How to find the final destination (url) of an ad (

2019-04-11 11:48发布

问题:

This may be trivial, or not, but I'm working on a piece of software that will verify the "end of the line" domain for ads displayed through my web application. Ideally, I have a list of domains I do not want to serve ads from (let's say Norton.com is one of them) but most ad networks serve ads via shortened, and cryptic, URLs (adsrv.com), that eventually redirect to Norton.com. So the question is: has any one built, or have an idea of how to build, a scraper-like tool that will return the final destination url of an ad.

Initial discovery: Some ads are in Flash, JavaScript, or plain HTML. Emulating a browser is perfectly viable, and would combat different formats of ads. Not all Flash or JS ads have a noflash or noscript alternative. (Browser may be necessary, but as stated this is perfectly fine... Using something like WatiN or WatiR or WatiJ or Selenium, etc...)

Prefer open source so that I could rebuild one myself. Really appreciate help!

EDIT* This script needs to Click on the ad, since it might be Flash, JS, or just HTML plain. So Curl is less likely an option, unless Curl can click?

回答1:

Sample PHP Implementation:

$k = curl_init('http://goo.gl');
curl_setopt($k, CURLOPT_FOLLOWLOCATION, true); // follow redirects
curl_setopt($k, CURLOPT_USERAGENT, 
'Mozilla/5.0 (Windows; U; Windows NT 6.1; en-US) AppleWebKit/534.7 ' .
'(KHTML, like Gecko) Chrome/7.0.517.41 Safari/534.7'); // imitate chrome
curl_setopt($k, CURLOPT_NOBODY, true); // HEAD request only (faster)
curl_setopt($k, CURLOPT_RETURNTRANSFER, true); // don't echo results
curl_exec($k);
$final_url = curl_getinfo($k, CURLINFO_EFFECTIVE_URL); // get last URL followed
curl_close($k);
echo $final_url;

Which should return something like https://www.google.com/accounts/ServiceLogin?service=urlshortener&continue=http://goo.gl/?authed%3D1&followup=http://goo.gl/?authed%3D1&passive=true&go=true

Note: You might need to use curl_setopt() to turn off CURLOPT_SSL_VERIFYHOST and CURLOPT_SSL_VERIFYPEER if you want to reliably follow across HTTPS/SSL



回答2:

curl --head -L -s -o /dev/null -w %{url_effective} <some-short-url>
  • --head restricts it to HEAD requests only, so that you don't have to actually download the pages

  • -L tells curl to keep following redirects

  • -s gets rid of any progress meters, etc

  • -o /dev/null tells curl to throw away the headers retrieved (we don't care about them)
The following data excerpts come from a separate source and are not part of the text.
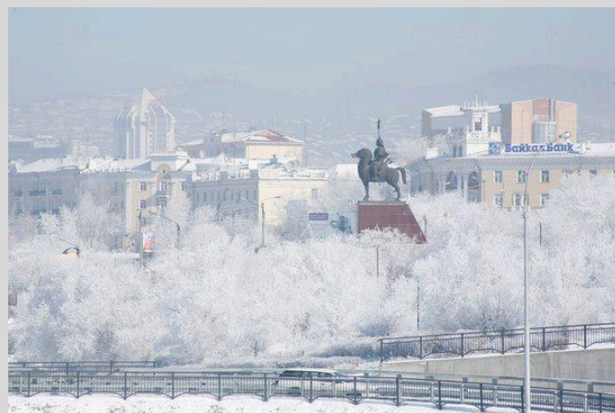
Photo: Ulan Ulde in winter

This city is located near Lake Baikal and 200 km from the Mongolian border. It lies 5,640 kilometres east of Moscow and according to preliminary results of the 2010 census, 404,357 people live in Ulan-Ude, making the city the third largest in eastern Siberia in terms of population.
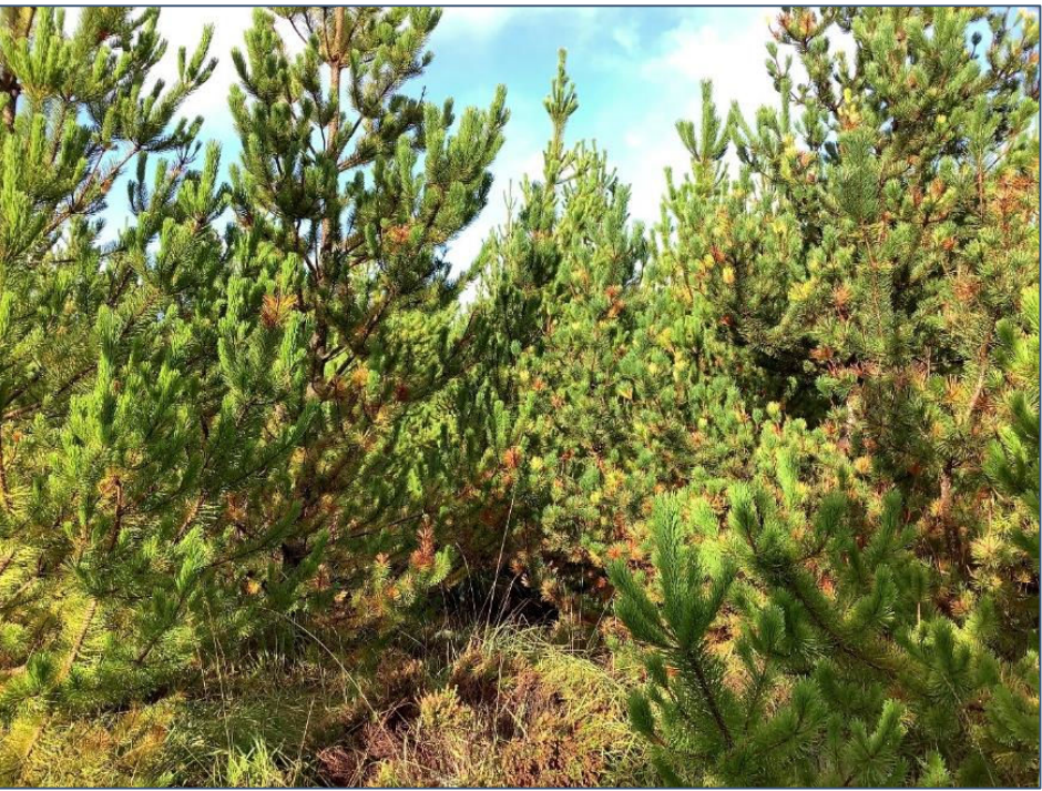
Plate 13.7: Turbine 3 looking W.
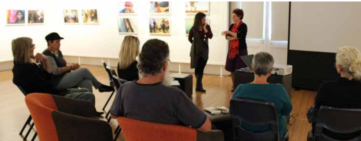
Top: Judith Parrott, 12B Seaweed Harvest, 2014, Giclée Print. Image supplied by artist
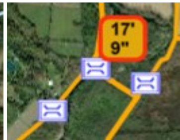
A bridge with height restriction of 17' 9"
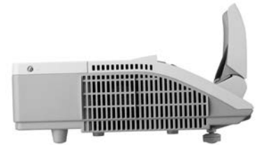
Right Side Profile

  • -w %{url_effective} tells curl to write out the last fetched url as the result to stdout

The result will be that the effective url is written to stdout, and nothing else.



回答3:

You're talking about following the redirection of the URL until it either times out, gets into a loop or resolves to a final address.
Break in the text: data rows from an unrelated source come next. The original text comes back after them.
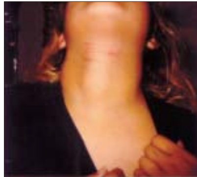
Figure 2. These markings may have been caused by the victim's fingernails in an attempt to remove a chokehold. They also may be caused by the assailant adjusting their hands and applying force during a vigorous struggle. The webbing between the thumb and index finger can produce the linear lesions shown.
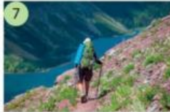
7 hike /haɪk/ (in the mountains )
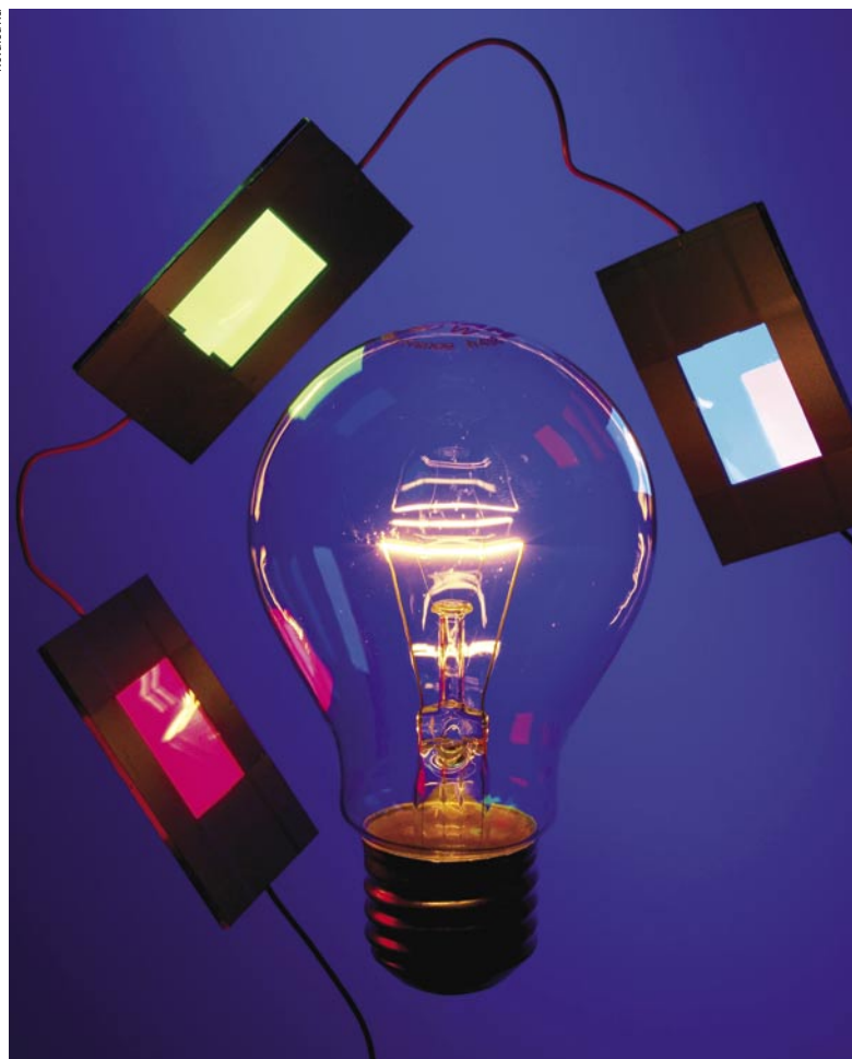
OLEDs can be made in every color, including warm and cold white. These flat and energy efficient devices are soon to replace our well-known light bulbs
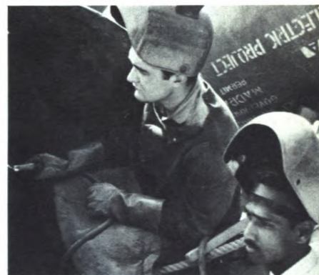
Canadian and Indian welders at the Kundah Dam in India.
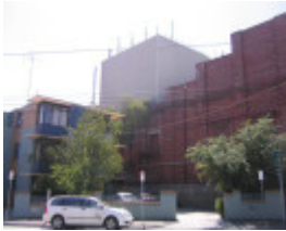
Before Photographs - Reference F3923 2014

The Net::HTTP library has a Following Redirection example.

Also, Ruby's open-uri module will automatically redirect, so I think you can ask it for the ending URL after you retrieve a page and find out where it landed.

require 'open-uri'

io = open('http://google.com')
body = io.read
io.base_uri.to_s # => "http://www.google.com/"

Notice that after reading the body the URL was redirected to Google's / dir.

Both cases will only handle server redirects. For meta-redirects you'll have to look at the code, see where they're redirecting you and go there.

This will get you started:

require 'nokogiri'

doc = Nokogiri::HTML('<meta http-equiv="REFRESH" content="0;url=http://www.the-domain-you-want-to-redirect-to.com">')

redirect_url = (doc%'meta[@http-equiv="REFRESH"]')['content'].split('=').last rescue nil


回答4:

cURL can retrieve HTTP headers. Keep stepping through the chain until you're no longer getting Location: headers and the last Location: header you received is the final URL.



回答5:

The Mechanize gem is handy for this:

  agent = Mechanize.new {|a| a.user_agent_alias = 'Windows IE 7'}
  page = agent.get(url)
  final_url = page.uri.to_s


回答6:

The solution I ended up using was simulating a browser, loading the ad, and clicking. The click was the key ingredient. Solutions offered by others were good for a given URL but would not handle Flash, JavaScript, etc. Appreciate everyones' help.